Source records:
■ ■ ■

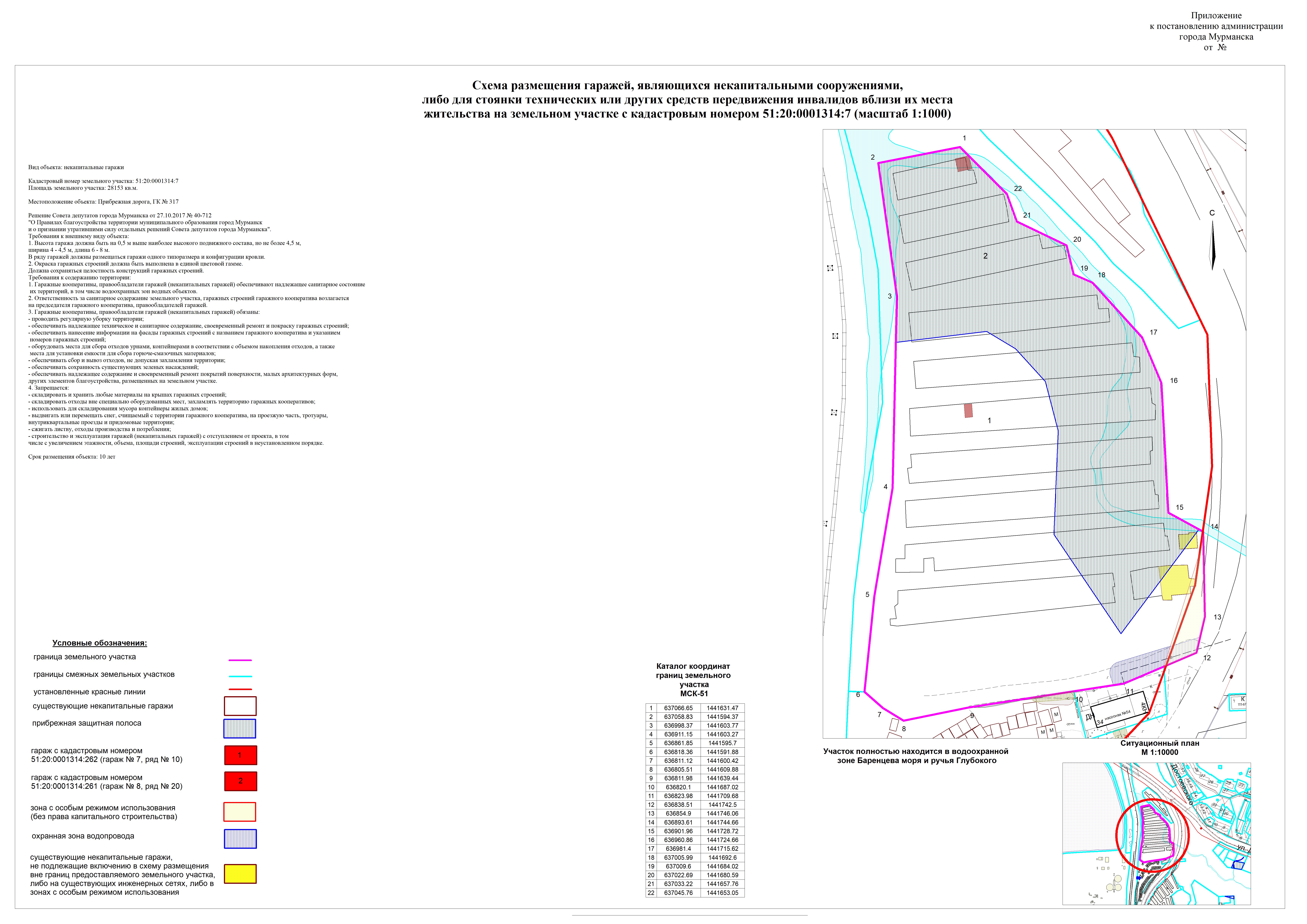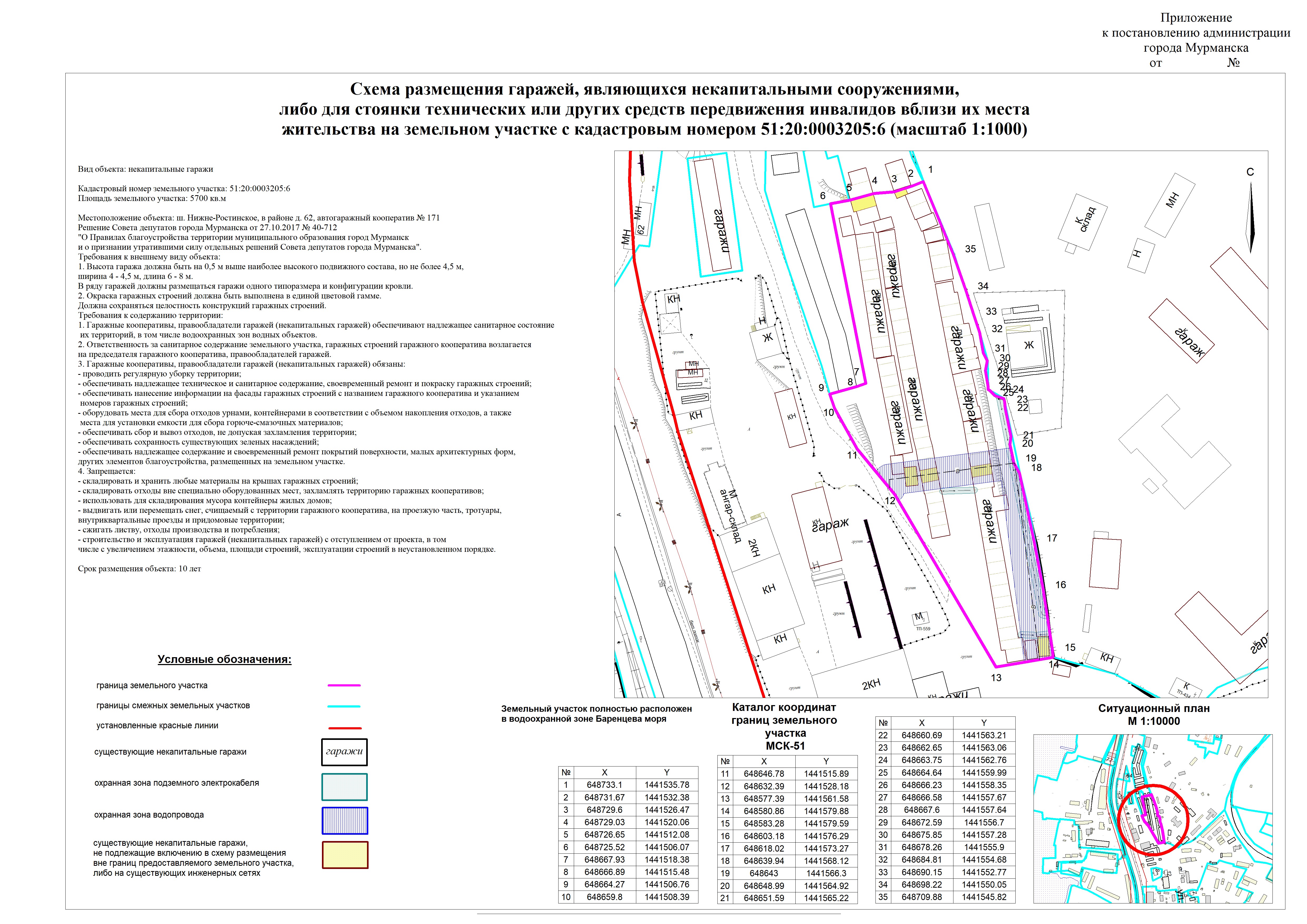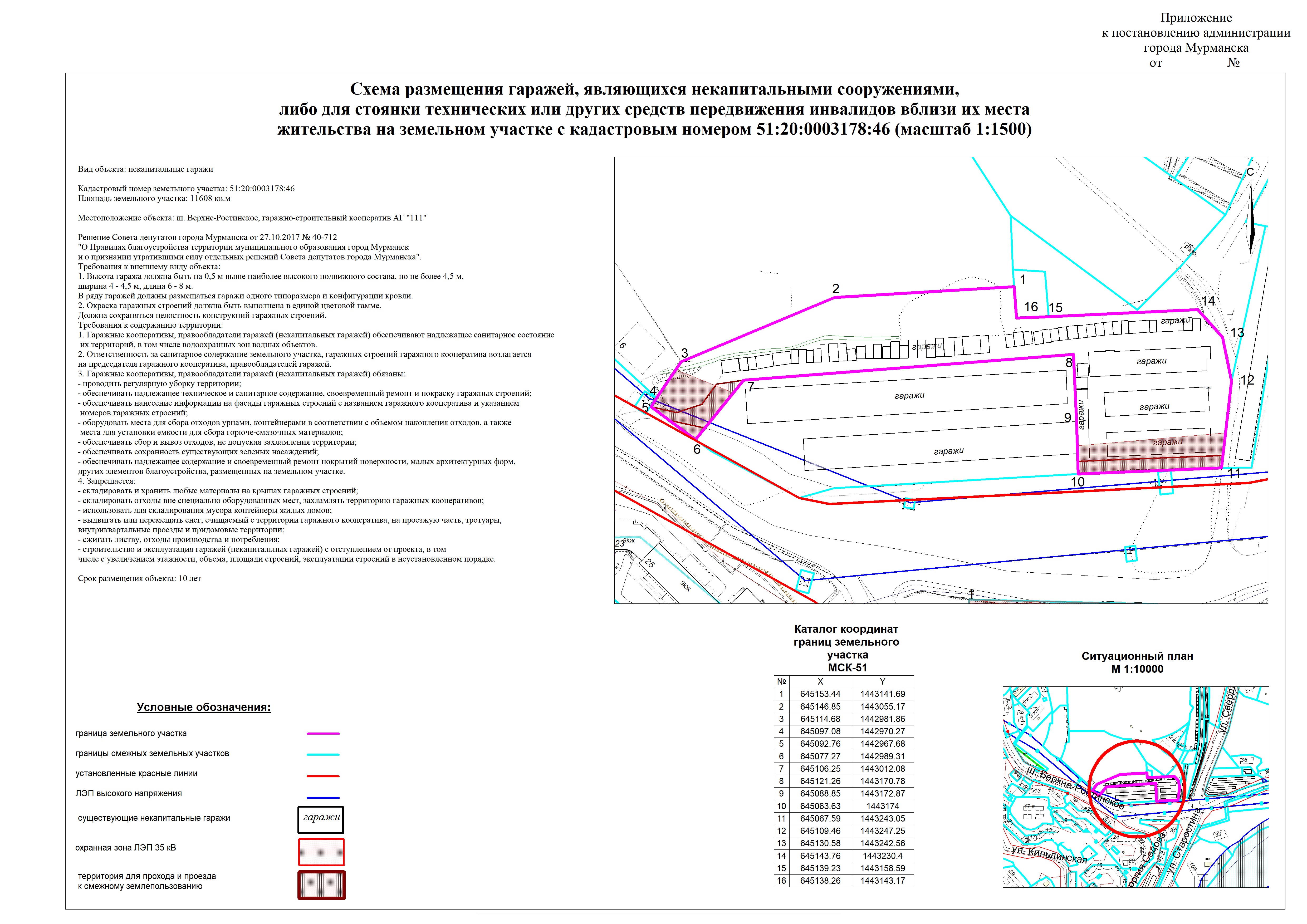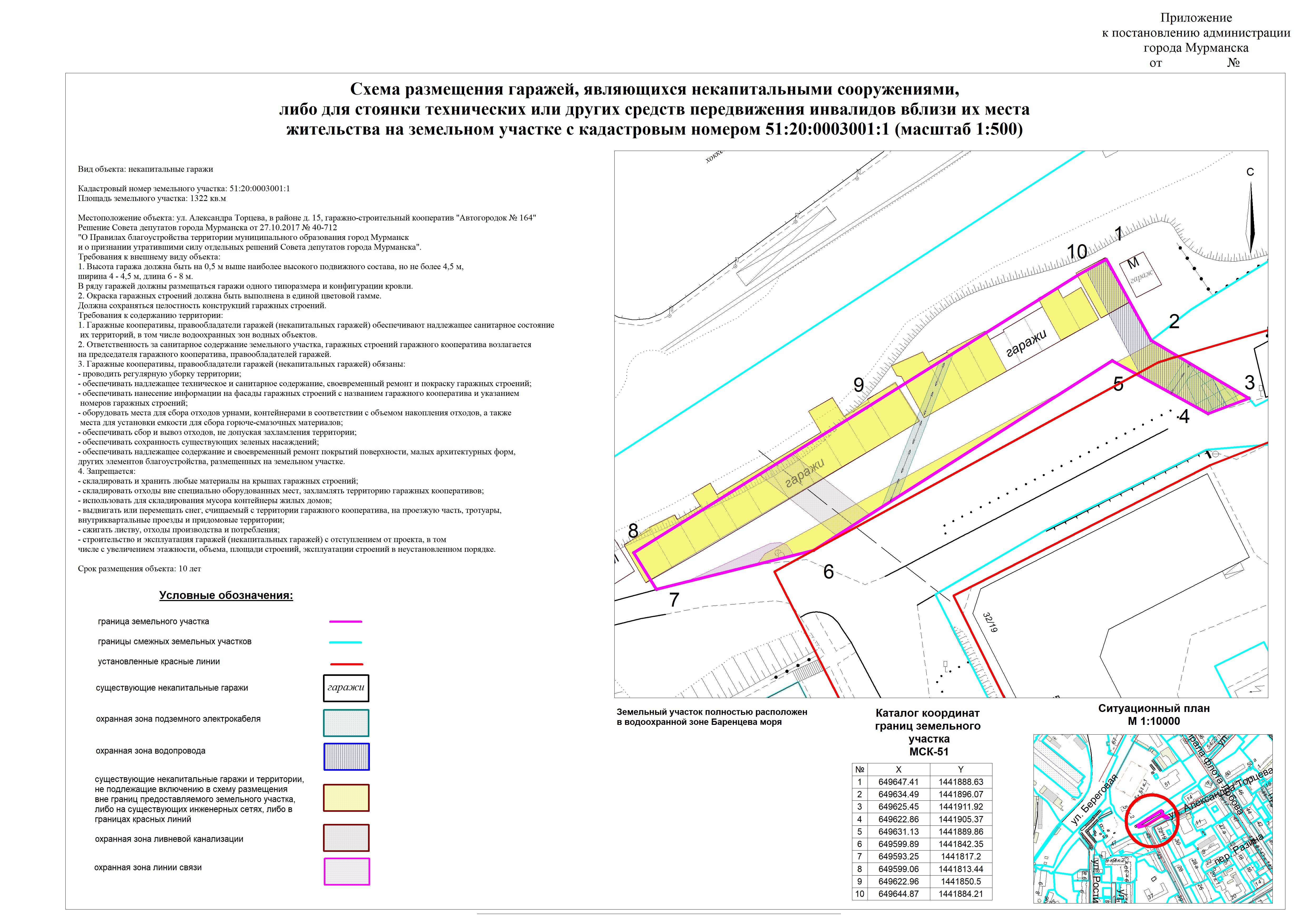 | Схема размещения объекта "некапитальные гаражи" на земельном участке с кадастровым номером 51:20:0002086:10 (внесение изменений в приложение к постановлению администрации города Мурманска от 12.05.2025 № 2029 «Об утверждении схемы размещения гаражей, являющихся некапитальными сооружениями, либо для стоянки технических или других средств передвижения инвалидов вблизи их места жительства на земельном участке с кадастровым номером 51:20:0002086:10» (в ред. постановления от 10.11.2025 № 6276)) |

■ ■ ■

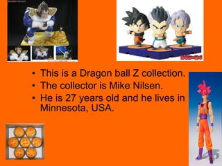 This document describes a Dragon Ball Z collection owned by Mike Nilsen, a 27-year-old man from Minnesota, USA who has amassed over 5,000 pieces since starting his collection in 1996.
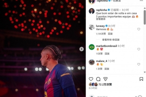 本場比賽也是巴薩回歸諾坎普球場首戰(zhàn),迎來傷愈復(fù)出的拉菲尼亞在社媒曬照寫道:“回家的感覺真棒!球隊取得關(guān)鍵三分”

■ ■ ■

Task to complete:
In the listing above, find the line containing "This document describes" and the line containing "本場比賽也是巴薩回歸諾坎普球"; print those lines and every line between them exactly, leaving out pictures.

Output:
 This document describes a Dragon Ball Z collection owned by Mike Nilsen, a 27-year-old man from Minnesota, USA who has amassed over 5,000 pieces since starting his collection in 1996.
 本場比賽也是巴薩回歸諾坎普球場首戰(zhàn),迎來傷愈復(fù)出的拉菲尼亞在社媒曬照寫道:“回家的感覺真棒!球隊取得關(guān)鍵三分”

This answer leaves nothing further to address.